The new European Union tariffs have had a notable impact on the flow of Chinese-made electric vehicles in July, as the EU took measures to safeguard its automakers from competition based on low costs.
Research from Dataforce indicates that the number of new electric vehicles registered by Chinese automakers like BYD Co. and SAIC Motor Corp.’s MG in the EU dropped by 45% in July compared to June. This decline could have been exacerbated by manufacturers rushing to deliver EVs to dealers before the additional levies were imposed on July 5.
The provisional tariffs, which escalated import duties to as high as 48%, are intended to protect a significant EU industry from Chinese competitors benefiting from structural advantages in critical areas like battery technology, supported by state subsidies.
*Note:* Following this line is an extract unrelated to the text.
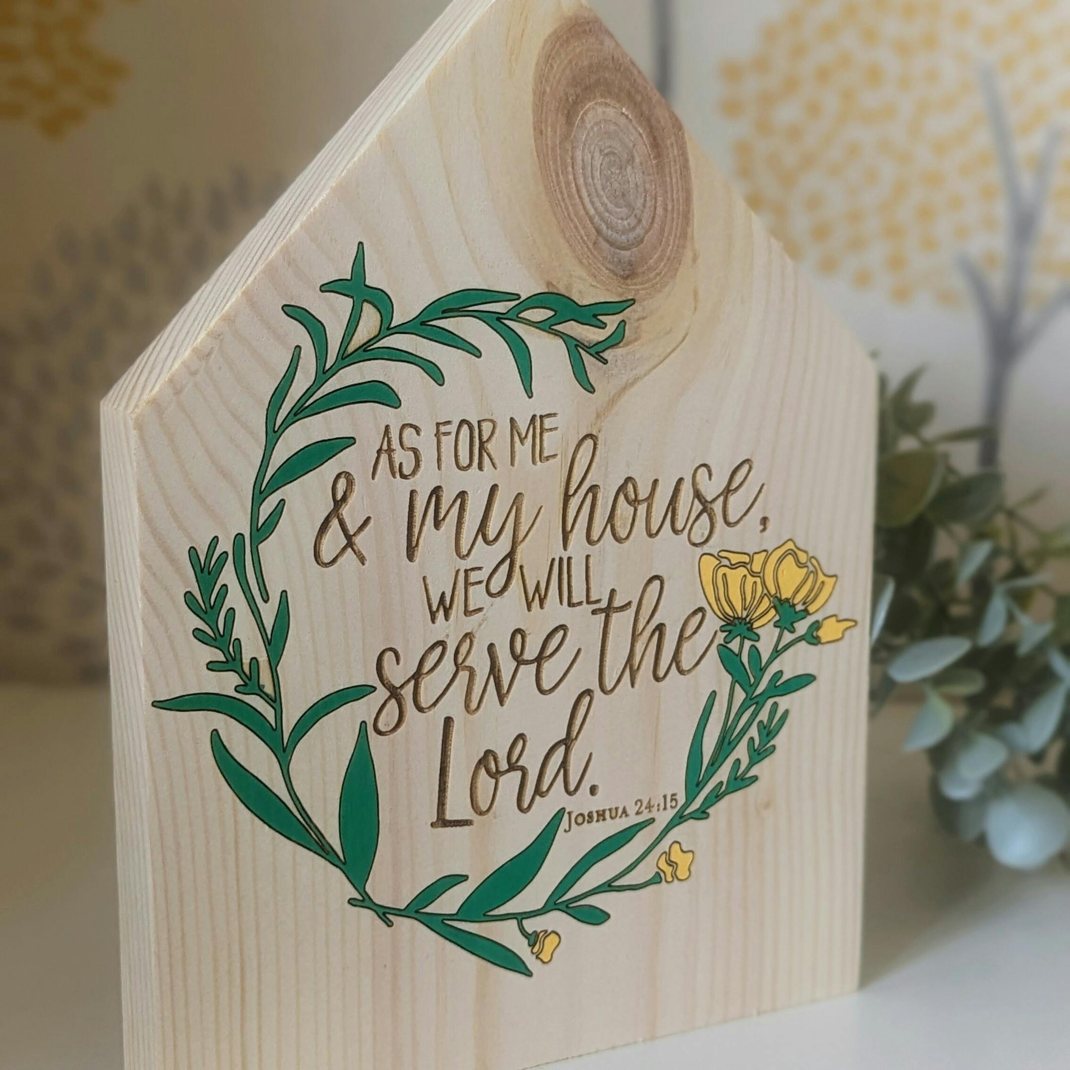 At 230x170x20mm, this Standing House is the ideal size to grace your mantel, shelf, or tabletop. Its presence is more than just decorative; it carries a profound message inspired by Joshua 24:15, a reminder of faith, unity, and the importance of one's spiritual journey.

Amid ongoing political tensions, Beijing has threatened retaliatory actions during negotiations to address the issue.
The Chinese brands did not deviate significantly from the 36% decline in EV sales observed across the 16 countries monitored by Dataforce. In addition to Chinese manufacturers, BMW, Stellantis, and Tesla also import Chinese-made EVs that are impacted by the added EU tariffs.
Meanwhile, the impact was less significant for Western companies, as they adopted a more cautious approach in managing their inventory, as noted by auto analyst Matthias Schmidt.
The introduction of the new tariffs followed an EU investigation that revealed China’s subsidies to its EV industry were causing economic harm to the EU automakers. Notable Chinese manufacturers like MG, Geely Automobile Holdings Ltd. (owner of Volvo), and BYD now face additional duties, with the tariffs set to become permanent in November unless a resolution is reached between Brussels and Beijing.
The tariff discussions coincide with a global slowdown in EV growth, influencing manufacturers worldwide. EU policymakers are striving to strike a balance between preserving jobs and achieving the objective of phasing out new fossil fuel cars by 2035.